Mais importante, esse resultados vieram cinco vezes mais depressa que os obtidos com o tratamento tradicional (tapar o olho bom). E sugerem que podem ser obtidos efeitos permanentes, no caminho oposto da crença de que os circuitos cerebrais para a visão amadurecem cedo e que, portanto, seria muito difícil religá-los.

Bavelier já obteve, em 2012, uma patente para um sistema que utiliza games para tratar ambliopia. Seu sistema desafia os circuitos do olho preguiçoso diminuindo o contraste da imagem que ele enxerga, idêntica à que o olho bom recebe, porém com contraste normal.

A neurocientista não parou por aí. Ela também patenteou a ideia de empregar os jogos para melhorar a capacidade de estimar um número aproximado de objetos, sem contá-los --algo que, em crianças, está associado ao bom desempenho no aprendizado de matemática. "Nosso objetivo é alinhar a mecânica dos games com desafios matemáticos, fazendo os jovens se interessarem por eles."

DIVERSÃO X ENSINO

Essa é a especialidade de Daniel Schwartz, da Universidade Stanford, o segundo a falar no painel da AAAS. Ele criou o seu próprio game, "Critter Corral", para estimular a prontidão matemática de crianças de 3 a 4 anos (o jogo pode ser baixado de graça pelo iTunes).

Schwartz retomou o tema da sessão "" "É claro que eles estão se divertindo, mas estão aprendendo alguma coisa?" "" para responder com um sonoro "não" à pergunta.

Com isso ele quis dizer que o aprendizado obtido com jogos pouco tem a ver com explicações, a atividade central do ensino escolar. No fulcro dos games está uma experiência emocional, e não intelectual, diz o cientista.

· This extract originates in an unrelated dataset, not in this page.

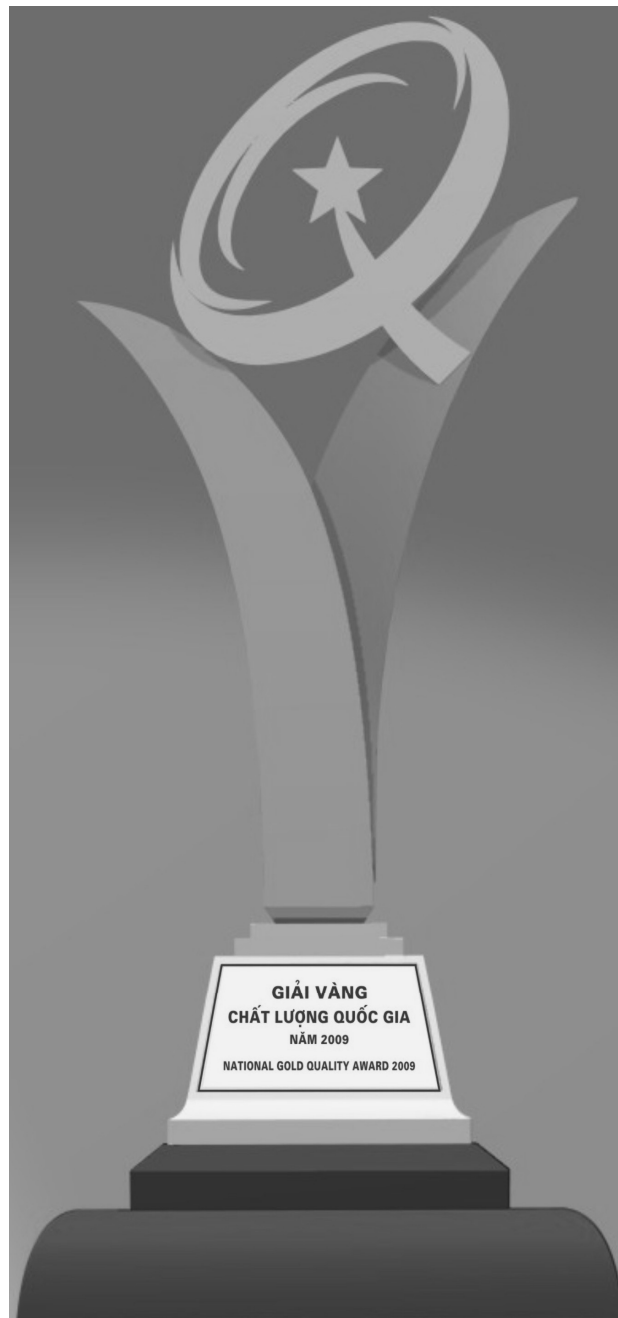
Hình 1. Hình dạng Cúp Vàng Giải thưởng Chất lượng Quốc gia

"Mas os jogos não são inúteis para escolas. Boas experiências podem preparar as crianças para as explicações", diz Schwartz.

Isso ficou claro para ele após um experimento em que dois grupos jogaram por 15 horas os games "Call of Duty" (de combate em primeira pessoa) e "Civilization" (de estratégia). Em seguida, eles tiveram de realizar tarefas cognitivas relacionadas com a Segunda Guerra e com o desenvolvimento de nações.

A tarefa envolvia formular perguntas de entendimento sobre textos curtos a respeito desses dois temas. As questões propostas pelos participantes foram depois pontuadas por sua pertinência.

Os games não continham informação específica sobre os temas. No entanto, aqueles que jogaram "Call of Duty" se saíram melhor na tarefa sobre a Segunda Guerra. Quem jogou "Civilization" teve desempenho superior nas questões sobre nações.

Schwartz oferece algumas lições para quem quiser desenvolver games educacionais: eles são bons para estimular a percepção e o interesse em áreas de conhecimento, não para informar conteúdo, e só funcionam se criarem uma boa experiência. Portanto, a pior coisa que um designer de game pode fazer é enchê-lo de explicações.